A few more things should be warned against. Firstly, Islamophobia. Muslims are among the victims of this terror act. The absolute majority of Muslims are, in fact, peace-loving and dignified people. They must not be insulted or excluded. A marginalised Muslim community is a potential nursery for radicals.

Really, I would like to bring it to attention that a larger part of the Islamists’ victims are Muslims themselves, and that in the European Union, which is a secular structure, representatives of all religions and ethnic groups must feel equally safe. Currently, it is the Muslim people who are the most vulnerable.

There are over a billion Muslims living in the world, and only the tiniest few of them are radicals and terrorists. However, there is a serious problem with Islam and terrorism. Namely, Islam is a total religion (NB: not totalitarian! What I mean is that Islam is not just a faith, but also a legal, social, dietary, etc. system that regulates everything from what is appropriate to wear to, for example, the rules for composing music and writing poetry), but it does not have a centre (This holds particularly true for the Sunnis who form the absolute majority of Muslims).
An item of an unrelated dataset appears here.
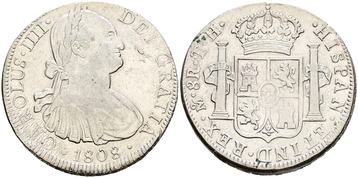 CARLOS IV (1788-1808). 8 Reales. (Ar. 27.05g/39mm). 1808. Mexico TH. (Cal-2019-988). Very Fine.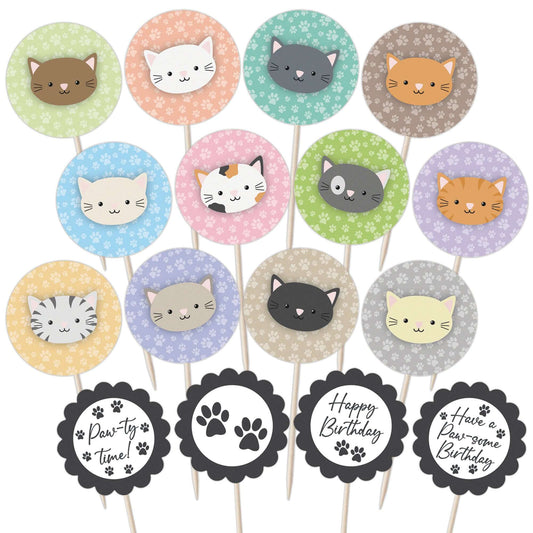 Cute Cats Birthday Cupcake Toppers Set - 24pc - Cute Cat Faces & Paw-some Birthday Signs | Cupcake & Cake Decorations

One or another Islamic religious leader may condemn terrorism, but they always find a spiritual leader among some sheikh, imam, or mullah – when one side claims that Islam is peace-loving, the other side responds that it is exactly to securing the peace that non-believers have to be eliminated.

There is one thing that the global Muslim community (umma) has not done in connection to terrorism – the announcement of an authoritative fatwa. Well, the Muslim leaders of India declared a fatwa against ISIS, but for the terrorists rooted in Iraq, Syria, and Europe its authority is close to zero. It is noteworthy that the two most authoritative spiritual centres for the Sunni Muslims – Al-Azhar University in Cairo (known as the Muslim fraternity’s alma mater) and Islamic University in Medinah – are remaining silent. Both have issued rather vague messages that can be interpreted as being in favour of terrorism. I think that declaring the authoritative opinion of these spiritual centres would benefit the global Muslim community.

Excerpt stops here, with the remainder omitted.